If you’ve ever feigned fever to avoid a history exam, or coughed into the phone as you called in “sick” to work, you know that medical fakery is nothing new. But those are white lies compared with these four hoaxes, all of which fooled a great many people before being debunked.
(Article by Leah Samuel)
Talk show fallout
The 1980s were a booming time for talk shows. Attempting to outdo one another, hosts like Oprah Winfrey and Geraldo Rivera featured topics such ashuman sacrifice and white supremacists.
It was enough to make viewers swoon. And some did, during a live taping of Phil Donahue’s popular talk show on Jan. 21, 1985. That day’s show featured the controversial-for-its-time topic of gay senior citizens.

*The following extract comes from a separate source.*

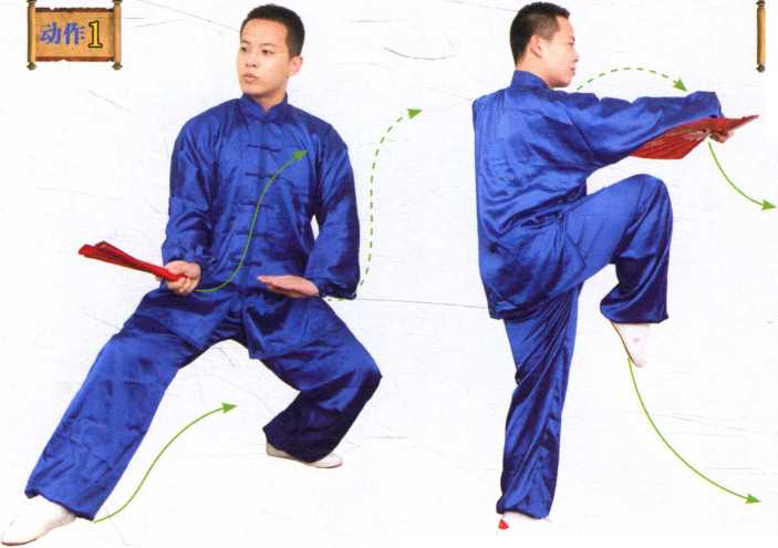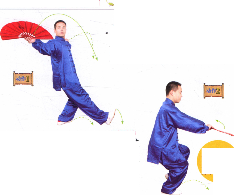 ②提膝和开扇动作要协调一致,尽量同时完成。

The first fainter was an audience member making a comment. After she fell to the ground, the show abruptly cut to commercial. Once back on the air, Donahue was trying to reassure his audience when there was a thud off camera. “We’ve lost another one,” he said.
In all, seven people dropped during the course of the live show. At the time, Donahue suggested that audience members were overcome by heat from studio lights, and possibly nervous at being on live TV.
But the incident turned out to be a prank by media hoaxer Alan Abel. His ad-hoc group, Fight Against Idiotic Neurotic Television (FAINT), organized the synchronized syncope to protest sensationalist media.
Premature aging
In the 1970s, hippies, health nuts, and researchers flocked to the Ecuadoran town of Vilcabamba, where many elderly residents claimed to be 110 or 120 years old, or even older. One researcher even wrote a book about the long-lived people of the village.
But it turns out that the elders were just continuing a local tradition of tacking five to 10 years to their age, starting at about age 70. Further complicating matters was the fact that people living in Vilcabamba were often named after dead relatives, whose names were listed in baptismal registries. Researchers used the registries to establish the ages of the villagers, since these were usually the only documents available in the remote town.
Scientists had discredited the whole thing by the 1980s, but people still travel to the town, hoping for a longer lease on life. Or at least a nice vacation.
Mind games
In 1969, Vincent Gigante began walking the streets of New York in a bathrobe, urinating on himself and babbling incoherently, behavior that earned him the nickname “The Oddfather.” Turns out, it was just an act to avoid conviction for murder and other crimes attributed to his mafia crime family.
It worked for quite a while. While some suspected Gigante of faking it, others speculated that the former boxer had taken too many hits to the head. Psychiatrists diagnosed him with a number of mental illnesses, including bipolar disorder and schizophrenia. As a result, he avoided a bribery charge in 1973. In 1990, when he was indicted for racketeering, his acting job held off the trial for seven years while the court attempted to determine his mental state.
Even after his 1997 conviction and imprisonment, Gigante continued his fakery. By mumbling to himself and stomping on imaginary cockroaches in his cell, among other antics, he managed to avoid confessing to crimes or testifying against others. Gigante finally admitted to the pretense in 2003, after prosecutors presented a taped conversation in which he talked about his phony insanity bit.
Bunnies in the oven
Mary Toft, an impoverished servant in 18th-century England, wanted to be rich and famous. So she set out to convince the world that she had given birth to rabbits.
The idea started with her miscarriage that was induced, Toft said, when she was frightened by a rabbit in the woods. This was an age when people believed that if a pregnant woman experienced a traumatic event, it could affect her child’s appearance. If she were kicked by a horse, for example, the baby might look like one. So, when Toft began producing rabbits, many found it sensational, but not entirely improbable.
Except it was. Toft performed her ruse by keeping an animal, most often a live bunny, in a hidden pocket of her dress. Then she would tuck the poor thing into her vagina and begin writhing and moaning in faked labor. At the right moment, usually when there was a witness, Toft pushed out the (sometimes dead) rabbit. She also did this with other animals and parts of animals.
The scam fell apart when suspicious doctors suggested performing exploratory surgery on Toft, which frightened her. Also, neighbors noticed that Toft’s husband had been buying an unusually high number of rabbits.